Before you know it, you have, in Wilson's scholarly words, "essentially bipolar
frameworks for conceiving of the world: good versus bad, us versus them. The
puritan American while tightly disciplined is prone to be uncritical of self
and hypercritical of others ... [This] presupposes a fundamentally
authoritarian pattern of relationships within the world and reinforces that
pattern." In other words, when the US military tries to impose a
made-in-America order upon Iraq (or anywhere else), it lets us avoid facing up
to the abundant ills, evils and insecurities here at home.
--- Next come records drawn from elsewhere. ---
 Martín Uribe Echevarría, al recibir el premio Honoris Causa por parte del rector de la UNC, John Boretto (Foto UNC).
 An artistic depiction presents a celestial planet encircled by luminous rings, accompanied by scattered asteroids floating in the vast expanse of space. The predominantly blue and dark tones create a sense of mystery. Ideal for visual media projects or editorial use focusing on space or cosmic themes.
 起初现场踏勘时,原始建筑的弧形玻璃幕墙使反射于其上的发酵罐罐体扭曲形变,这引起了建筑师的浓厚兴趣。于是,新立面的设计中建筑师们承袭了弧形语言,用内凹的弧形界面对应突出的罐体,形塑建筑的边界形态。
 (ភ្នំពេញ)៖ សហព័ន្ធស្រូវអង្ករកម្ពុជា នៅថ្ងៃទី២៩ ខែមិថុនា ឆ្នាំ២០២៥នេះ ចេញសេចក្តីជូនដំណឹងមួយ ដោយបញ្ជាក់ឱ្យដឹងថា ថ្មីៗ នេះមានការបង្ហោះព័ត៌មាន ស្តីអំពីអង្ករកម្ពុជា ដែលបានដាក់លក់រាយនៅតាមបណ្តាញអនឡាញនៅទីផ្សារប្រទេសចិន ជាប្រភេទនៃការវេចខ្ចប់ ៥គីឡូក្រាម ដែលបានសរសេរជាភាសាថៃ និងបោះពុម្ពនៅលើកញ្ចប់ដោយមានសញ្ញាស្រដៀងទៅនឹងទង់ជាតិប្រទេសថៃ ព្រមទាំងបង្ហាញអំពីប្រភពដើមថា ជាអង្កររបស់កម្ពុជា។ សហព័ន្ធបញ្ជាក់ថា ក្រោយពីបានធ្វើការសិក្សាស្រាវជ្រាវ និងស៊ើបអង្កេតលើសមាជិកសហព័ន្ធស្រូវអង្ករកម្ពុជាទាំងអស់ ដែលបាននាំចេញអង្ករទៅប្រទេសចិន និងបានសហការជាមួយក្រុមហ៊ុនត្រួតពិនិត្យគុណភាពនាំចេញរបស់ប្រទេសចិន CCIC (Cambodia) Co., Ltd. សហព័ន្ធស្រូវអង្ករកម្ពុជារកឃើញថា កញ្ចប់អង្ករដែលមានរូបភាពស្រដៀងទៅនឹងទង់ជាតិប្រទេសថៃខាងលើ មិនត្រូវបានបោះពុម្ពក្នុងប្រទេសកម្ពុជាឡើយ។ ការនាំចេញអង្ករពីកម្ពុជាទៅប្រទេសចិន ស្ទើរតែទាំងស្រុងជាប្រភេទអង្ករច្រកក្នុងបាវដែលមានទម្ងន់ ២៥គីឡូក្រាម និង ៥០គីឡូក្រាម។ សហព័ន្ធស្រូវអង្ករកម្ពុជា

Scheherazade fantasies and frontier realities
These are certainly deeply rooted, complex and real feelings. Rove's scam works
because the bipolar framework seems so believable. There is always more
American insecurity to feed our appetite for "staying the course" in Iraq. The
US presence there spawns more Iraqi insurgents, who make the whole story look
all too believable on the evening news. The cycle is endless, because the old
frontier story that is supposed to ease our insecurity actually fuels it.
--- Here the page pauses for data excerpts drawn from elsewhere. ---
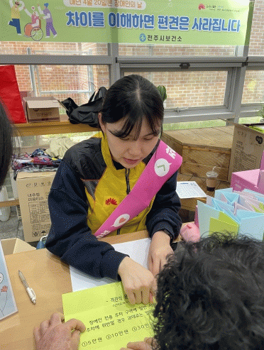 먼저 첫날인 이날 오전에는 전주시보건소에서 시민들의 장애에 대한 이해를 높여 장애에 대한 인식이 개선될 수 있도록 △장애 인식개선 퀴즈 풀기 △점자 스티커 만들기 등의 체험 프로그램이 진행됐다.
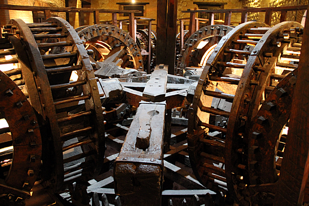 These gears are part of a massive, room-sized state-of-the-art machine, imported from Spain and later duplicated by indigenous craftsmen.
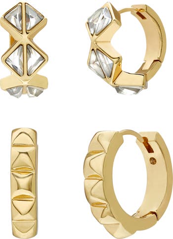 Mix up your look with this set of glossy huggie-hoop earrings that catch the light with a geometric texture and sparkly crystals.

It's certainly making the public insecure about the war. In a recent Washington
Post- ABC poll, only 37% of Americans approved of the way Bush is handling it.
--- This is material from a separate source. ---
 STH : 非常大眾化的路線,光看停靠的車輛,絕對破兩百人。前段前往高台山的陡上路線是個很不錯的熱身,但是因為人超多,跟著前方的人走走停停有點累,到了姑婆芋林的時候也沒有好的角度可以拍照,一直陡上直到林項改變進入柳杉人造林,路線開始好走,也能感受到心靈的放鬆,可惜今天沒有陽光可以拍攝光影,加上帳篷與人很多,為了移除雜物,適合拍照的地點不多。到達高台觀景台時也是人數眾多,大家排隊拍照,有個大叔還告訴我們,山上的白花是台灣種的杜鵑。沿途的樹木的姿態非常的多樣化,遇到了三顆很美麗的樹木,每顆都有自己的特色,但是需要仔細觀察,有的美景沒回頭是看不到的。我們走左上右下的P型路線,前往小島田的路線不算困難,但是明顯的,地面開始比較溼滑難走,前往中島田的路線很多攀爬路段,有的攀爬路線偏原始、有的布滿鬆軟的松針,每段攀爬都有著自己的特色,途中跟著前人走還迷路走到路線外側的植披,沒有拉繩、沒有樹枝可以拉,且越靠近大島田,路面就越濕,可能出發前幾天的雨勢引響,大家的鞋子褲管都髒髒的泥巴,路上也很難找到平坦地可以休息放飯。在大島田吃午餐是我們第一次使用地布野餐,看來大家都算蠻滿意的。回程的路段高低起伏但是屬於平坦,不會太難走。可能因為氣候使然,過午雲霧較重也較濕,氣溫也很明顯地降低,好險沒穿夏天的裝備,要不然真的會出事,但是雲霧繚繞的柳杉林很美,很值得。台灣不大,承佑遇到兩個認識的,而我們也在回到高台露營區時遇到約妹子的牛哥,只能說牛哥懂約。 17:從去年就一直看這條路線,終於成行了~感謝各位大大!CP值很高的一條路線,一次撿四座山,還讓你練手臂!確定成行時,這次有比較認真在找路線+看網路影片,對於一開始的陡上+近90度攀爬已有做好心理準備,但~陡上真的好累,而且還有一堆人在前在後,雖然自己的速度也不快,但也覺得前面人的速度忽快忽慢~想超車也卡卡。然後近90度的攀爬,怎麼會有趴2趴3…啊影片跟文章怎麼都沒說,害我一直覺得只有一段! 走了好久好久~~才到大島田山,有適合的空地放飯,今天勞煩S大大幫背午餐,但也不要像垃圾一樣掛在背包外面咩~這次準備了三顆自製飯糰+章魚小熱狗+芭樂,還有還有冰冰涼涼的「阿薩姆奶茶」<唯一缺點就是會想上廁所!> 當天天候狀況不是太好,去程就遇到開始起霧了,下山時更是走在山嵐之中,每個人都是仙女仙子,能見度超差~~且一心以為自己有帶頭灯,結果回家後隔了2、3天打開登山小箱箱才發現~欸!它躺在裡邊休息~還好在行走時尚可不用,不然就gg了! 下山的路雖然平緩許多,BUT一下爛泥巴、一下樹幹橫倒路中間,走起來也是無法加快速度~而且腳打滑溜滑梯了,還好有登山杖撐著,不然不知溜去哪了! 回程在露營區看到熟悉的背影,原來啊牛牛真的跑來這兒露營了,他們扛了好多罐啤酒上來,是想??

So Rove's strategy may be an act of desperation. But it's also a shrewd trick -
some might call it genius - because it plays on the growing fear that Iraq
represents something truly awry in the American universe. It links the
Democratic Party to the chaos of Iraq by turning both into symbols of American
weakness, wilderness and instability.
The Republican Scheherazades say, in effect, "Things may seem out of control
now, but they're bound to be far worse under the Democrats, who are completely
incapable of keeping our fragile lives sheltered from the winds of violent
change." They tell the old familiar tales to plant seeds of doubt, to send the
voter into the booth asking one big question: "Even if the Republicans are
obviously not in control of this perilous world, do I dare to take a chance on
those weak-willed, flip-flop Democrats?" If a vote against the Democrats
becomes a vote against uncontrollable change - then the Republicans are likely
to have another election in their pockets.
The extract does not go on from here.